On that front, the news still appears to be improving, although not actually healed altogether. The Department of Labor’s new weekly initial jobless claims report beat expectations with a decrease of 40,000 to 751,000 — still way too high for a stable job market, however:
In the week ending October 24, the advance figure for seasonally adjusted initial claims was 751,000, a decrease of 40,000 from the previous week’s revised level. The previous week’s level was revised up by 4,000 from 787,000 to 791,000. The 4-week moving average was 787,750, a decrease of 24,500 from the previous week’s revised average.

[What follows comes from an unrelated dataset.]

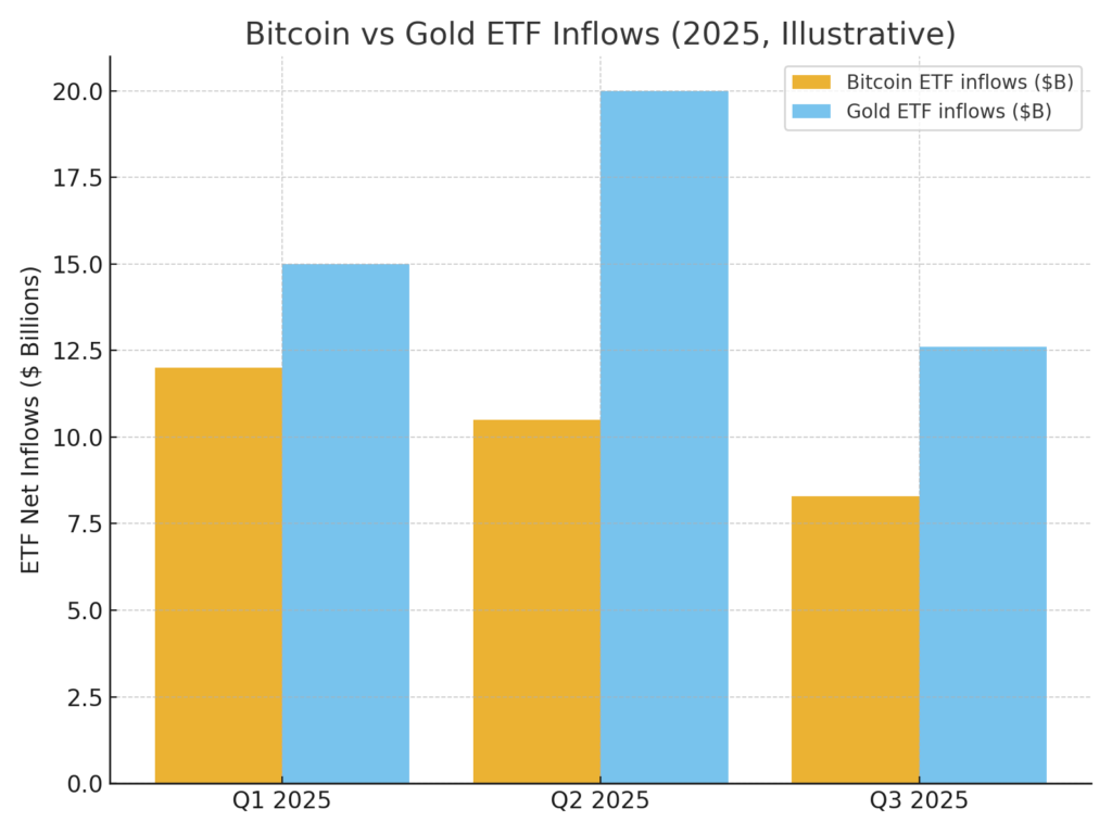 - In 2025, Bitcoin ETFs early in the year saw inflows surpass gold ETFs. But by August, gold ETF inflows sharpened, narrowing the gap.

The previous week’s average was revised up by 1,000 from 811,250 to 812,250.
The advance seasonally adjusted insured unemployment rate was 5.3 percent for the week ending October 17, a decrease of 0.5 percentage point from the previous week’s revised rate. The previous week’s rate was revised up by 0.1 from 5.7 to 5.8 percent. The advance number for seasonally adjusted insured unemployment during the week ending October 17 was 7,756,000, a decrease of 709,000 from the previous week’s revised level. The previous week’s level was revised up 92,000 from 8,373,000 to 8,465,000. The 4-week moving average was 9,053,250, a decrease of 1,055,750 from the previous week’s revised average. The previous week’s average was revised up by 23,250 from 10,085,750 to 10,109,000.
The paid-benefits numbers (emphasis mine) have dropped dramatically since mid-June. Sixteen million people have come off of state-based paid benefits, which shows a tremendous shift back to employment. That has continued even in the absence of stimulus funds in programs like the Paycheck Protection Program, but that will only continue if consumers feel confident enough to keep spending. With income dropping and savings being depleted, that may not be for much longer.
However, a new policy of higher taxes on businesses and skyrocketing energy costs will kill any hope of longer-term recovery even more quickly. The Biden economic and climate agenda would be worse even with a stimulus than we would be without one under current policy. Increased taxes and doubling the base minimum wage would put businesses already on the bubble entirely into collapse. That is what is at stake on Tuesday. Trump had better make sure to push that message hard — and focus on it.